I haven't really confirmed it, because there are so many log entries from my various reboots, that I'm getting lost.. But.. My guess is that it has something to do with containerd.service stopping before docker.service.. And then all Docker-related operations (which ultimately need to get forwarded to containerd) failing.

This can be due to one of these, or both at the same time:

The original docker.service supplied by Docker 18.09 CE is at: /lib/systemd/system/docker.service and contains something like this:

[Unit]
Description=Docker Application Container Engine
Documentation=https://docs.docker.com
BindsTo=containerd.service
After=network-online.target firewalld.service
Wants=network-online.target
Requires=docker.socket

You can see that there's a BindsTo=containerd.service dependency, but no After=containerd.service definition.

An easy way to trigger the same shutdown trouble is to do something like this:

This also happens on CentOS, by the way. What I think doesn't happen on CentOS is the shutdown delay though. I haven't investigated why.. Perhaps systemd (an older v219) is following a different order there?
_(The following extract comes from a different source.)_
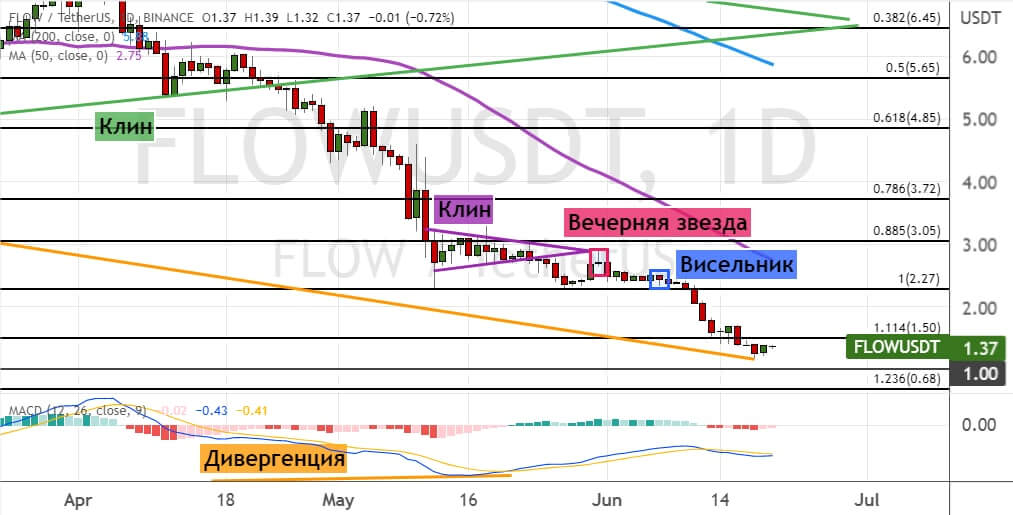 Сохранение нисходящего тренда приведет к снижению FLOW до уровня поддержки $0.7. В пользу сохранения медвежьей динамики указывают четыре сигнала: пробитие границ двух моделей «Клин», а также формирование моделей теханализа «Вечерняя звезда» и «Висельник».

I've looked at the systemd documentation about Requires and BindsTo, but I'm not sure who exactly is to blame here..

My guess is that we need a After=containerd.service definition in docker.service to prevent such problems.
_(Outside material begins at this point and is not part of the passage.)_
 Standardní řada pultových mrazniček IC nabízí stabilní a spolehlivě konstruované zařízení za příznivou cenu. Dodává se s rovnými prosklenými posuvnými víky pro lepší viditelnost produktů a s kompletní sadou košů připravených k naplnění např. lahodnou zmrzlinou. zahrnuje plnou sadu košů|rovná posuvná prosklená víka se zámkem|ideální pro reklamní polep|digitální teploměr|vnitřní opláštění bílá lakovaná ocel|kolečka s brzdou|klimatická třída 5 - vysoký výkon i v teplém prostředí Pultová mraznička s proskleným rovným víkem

The easiest way to add it yourself is with a systemd drop-in. You can create a /etc/systemd/system/docker.service.d directory and a fix-containerd-relation.conf file within it with the following content:

[Unit]
After=containerd.service

After reloading systemd (systemctl daemon-reload) and restarting Docker (systemctl restart docker), performing a shutdown should not suffer from this problem.


It's probably best if you open this as an issue in: https://github.com/docker/for-linux/

jcdevzero commented 5 years ago

I should have tried with another container to isolate the issue to docker. Mistakenly ruled out docker after it went up/down correctly without the matrix containers.

I can confirm the after dependency resolves the issue. I'll file an issue with docker. Thanks!